Belt-up for the Conveyor Belt

Adam Hibberd

Some of you may already know all about the eponymous ‘Aldrin Cycler’, otherwise known as the ‘Mars Conveyor Belt’.

This is the wonderful astrodynamical quirk of an interplanetary orbit whereby a travelling spacecraft leaves Earth for Mars, encounters the red planet, returns back to Earth, conducts an Earth gravity assist (which in the perfect scenario of coplanar concentric circular orbits for both Earth and Mars would require no propulsion ΔV at either planets), then returns to Mars, and so on indefinitely.

The problem of rendezvousing with Earth or Mars is a separate concern, though could probably be achieved through shuttle carriers. These shuttles would be capable of lifting off from Mars with a payload and then proceeding to rendezvous with the Mars Conveyor Belt craft to drop off its payload.

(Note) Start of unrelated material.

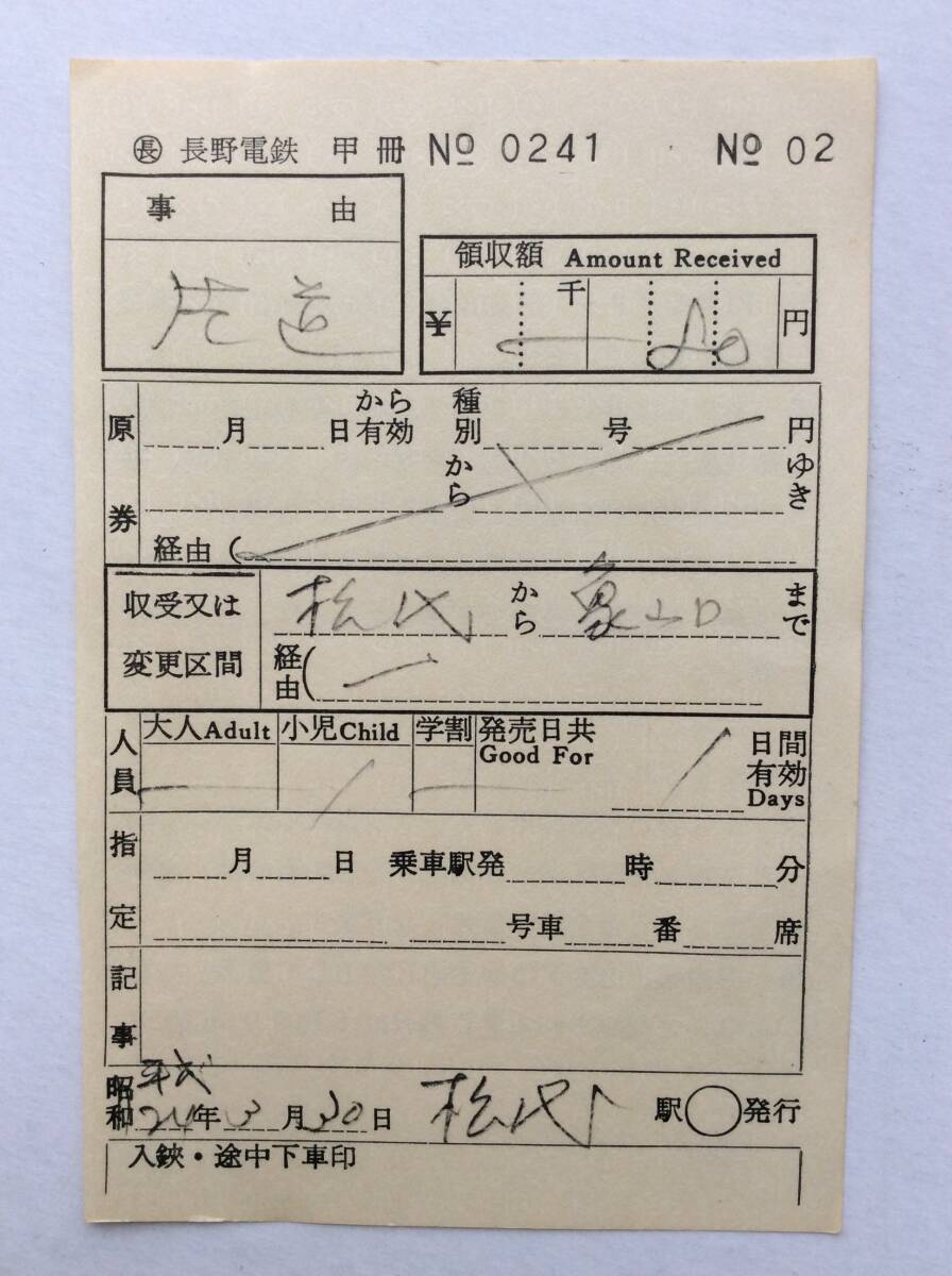 - 長野電鉄 屋代線 出補 片道乗車券 松代→象山口 松代駅発行 平成24年3月30日 廃止路線 出札補充券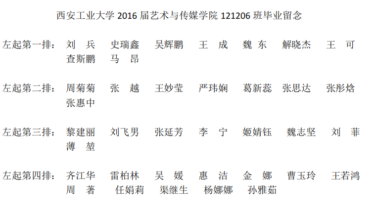 2016届艺术与传媒公司121206班毕业合影

Having achieved this rendezvous with the mothercraft, the shuttle could stay with it until the next encounter -in this case Earth – where it could be deployed a second time, though in reverse, i.e. entering Earth’s atmosphere and dropping off the payload at our home planet.

Why is all this relevant? It’s because a while ago I set-up my interplanetary trajectory software (OITS) – OITS being a personal astronautical software engineering project of my own – to test how effective it would be at solving the problem of a Mars Conveyor Belt.